• RECORDED INFORMATION:
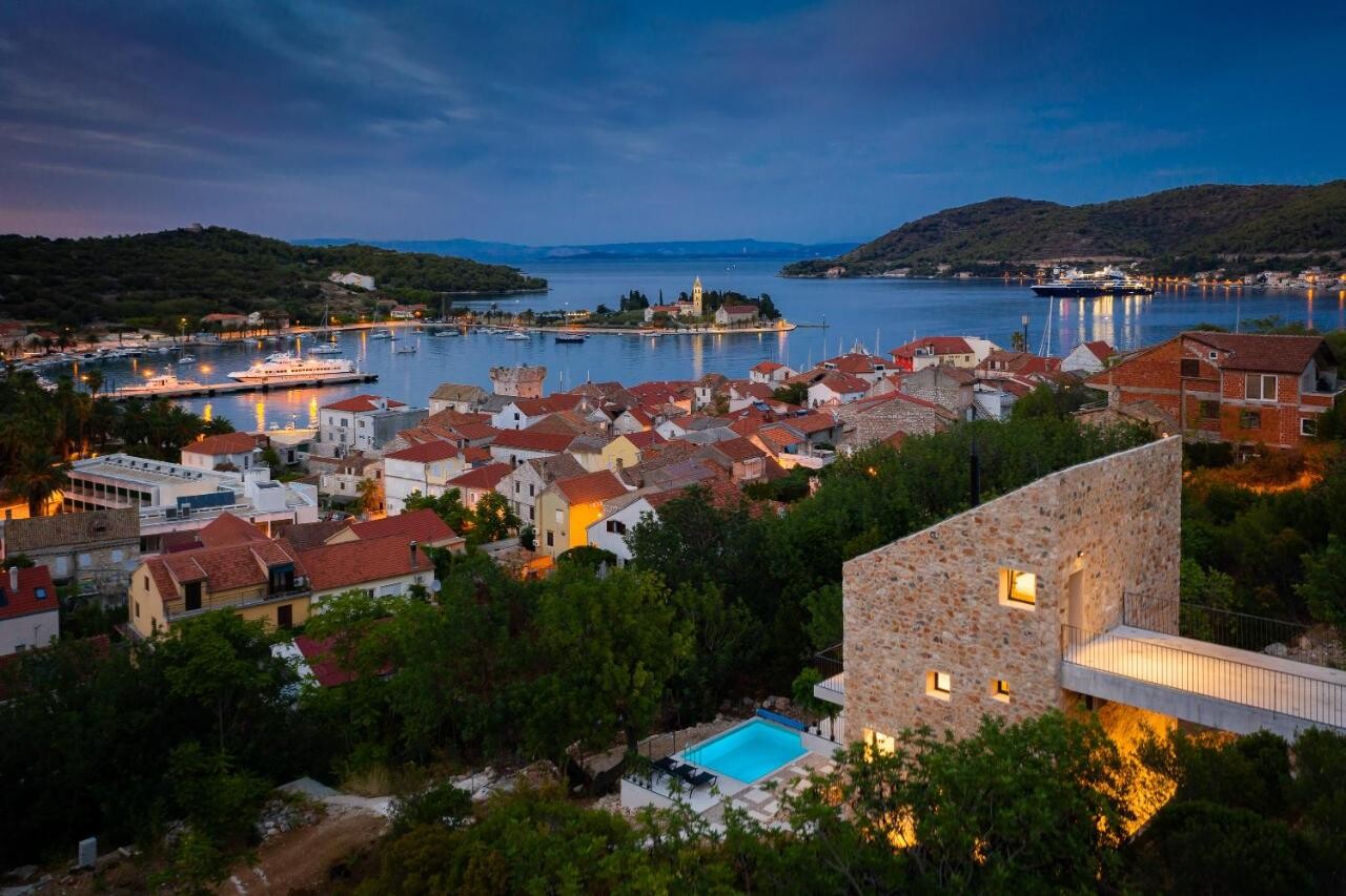 Os arquitetos do estúdio estão localizados em um terreno íngreme que se eleva acima do porto de Viš Estúdio Archaos projetou uma interessante casa de pedra moderna. Com a escolha dos materiais, homenagearam a tradição arquitetônica local, e com a própria forma responderam aos desafios do local. A interessante casa de férias distingue-se pela pedra Viški local na fachada, que está em sinergia com as lajes de concreto polido com as quais os terraços em balanço são feitos. Elas saem do prédio como pontes e conectam a casa com o mundo exterior. O acesso ao edifício para o terreno também é feito por uma ponte, que é a melhor solução de acordo com as normas de construção exigidas do local. Com os materiais selecionados, os arquitetos quiseram combinar harmoniosamente pedra arquetípica e concreto moderno e reinterpretar a imagem de uma casa de pedra tradicional.
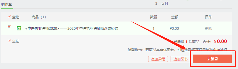 第一步、點(diǎn)擊“去結(jié)算”,完成訂單。
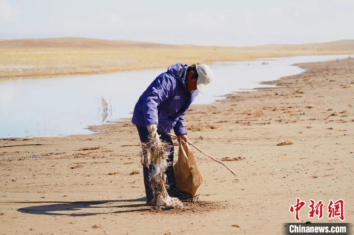 圖為牧民巡護隊隊員在青海湖畔撿垃圾。 文思睿 攝
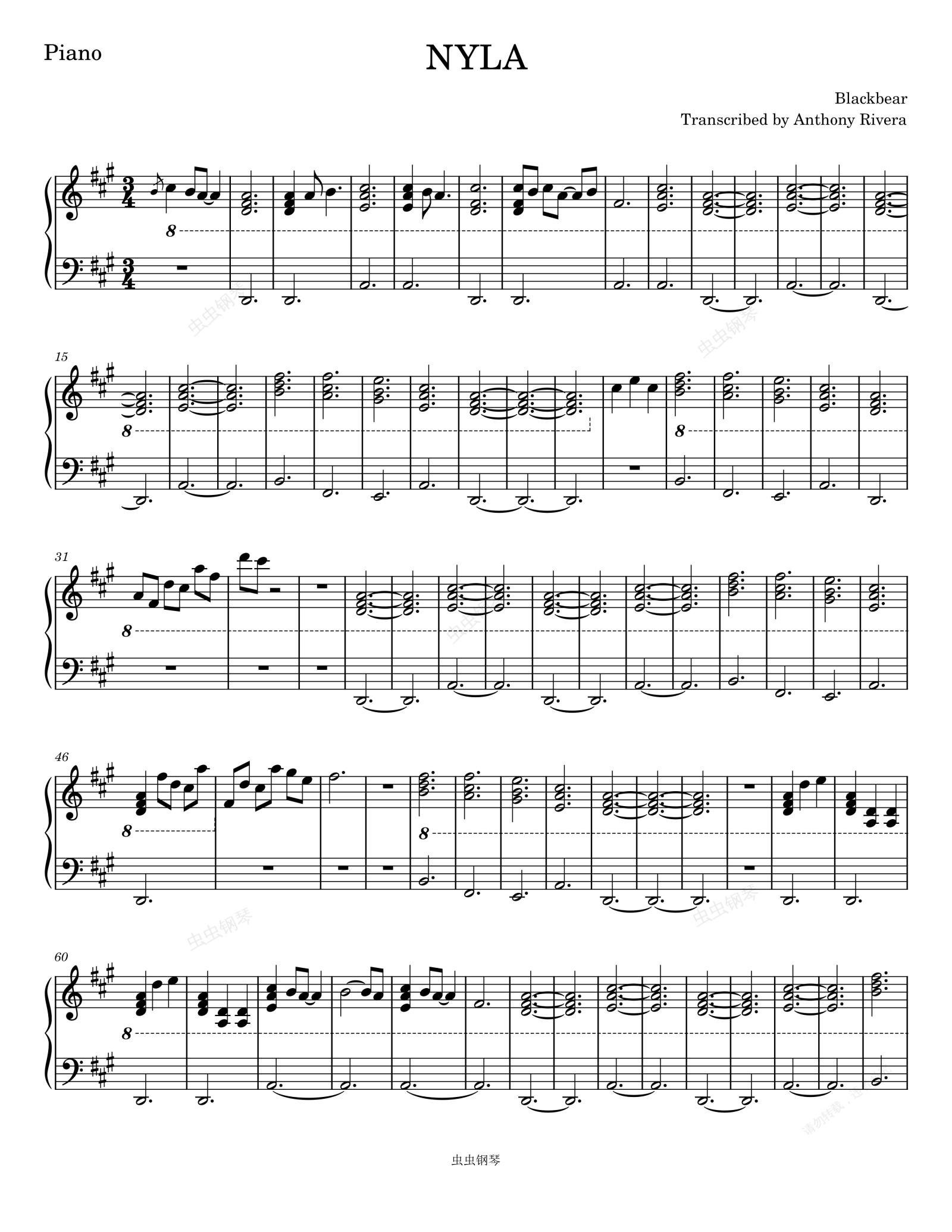 钢琴谱:blackbear-NYLA

• PROBLEM TO SOLVE: With the pictures removed, write the listing out word for word.

• OUTPUT FOR THIS EXERCISE:
 Os arquitetos do estúdio estão localizados em um terreno íngreme que se eleva acima do porto de Viš Estúdio Archaos projetou uma interessante casa de pedra moderna. Com a escolha dos materiais, homenagearam a tradição arquitetônica local, e com a própria forma responderam aos desafios do local. A interessante casa de férias distingue-se pela pedra Viški local na fachada, que está em sinergia com as lajes de concreto polido com as quais os terraços em balanço são feitos. Elas saem do prédio como pontes e conectam a casa com o mundo exterior. O acesso ao edifício para o terreno também é feito por uma ponte, que é a melhor solução de acordo com as normas de construção exigidas do local. Com os materiais selecionados, os arquitetos quiseram combinar harmoniosamente pedra arquetípica e concreto moderno e reinterpretar a imagem de uma casa de pedra tradicional.
 第一步、點(diǎn)擊“去結(jié)算”,完成訂單。
 圖為牧民巡護隊隊員在青海湖畔撿垃圾。 文思睿 攝
 钢琴谱:blackbear-NYLA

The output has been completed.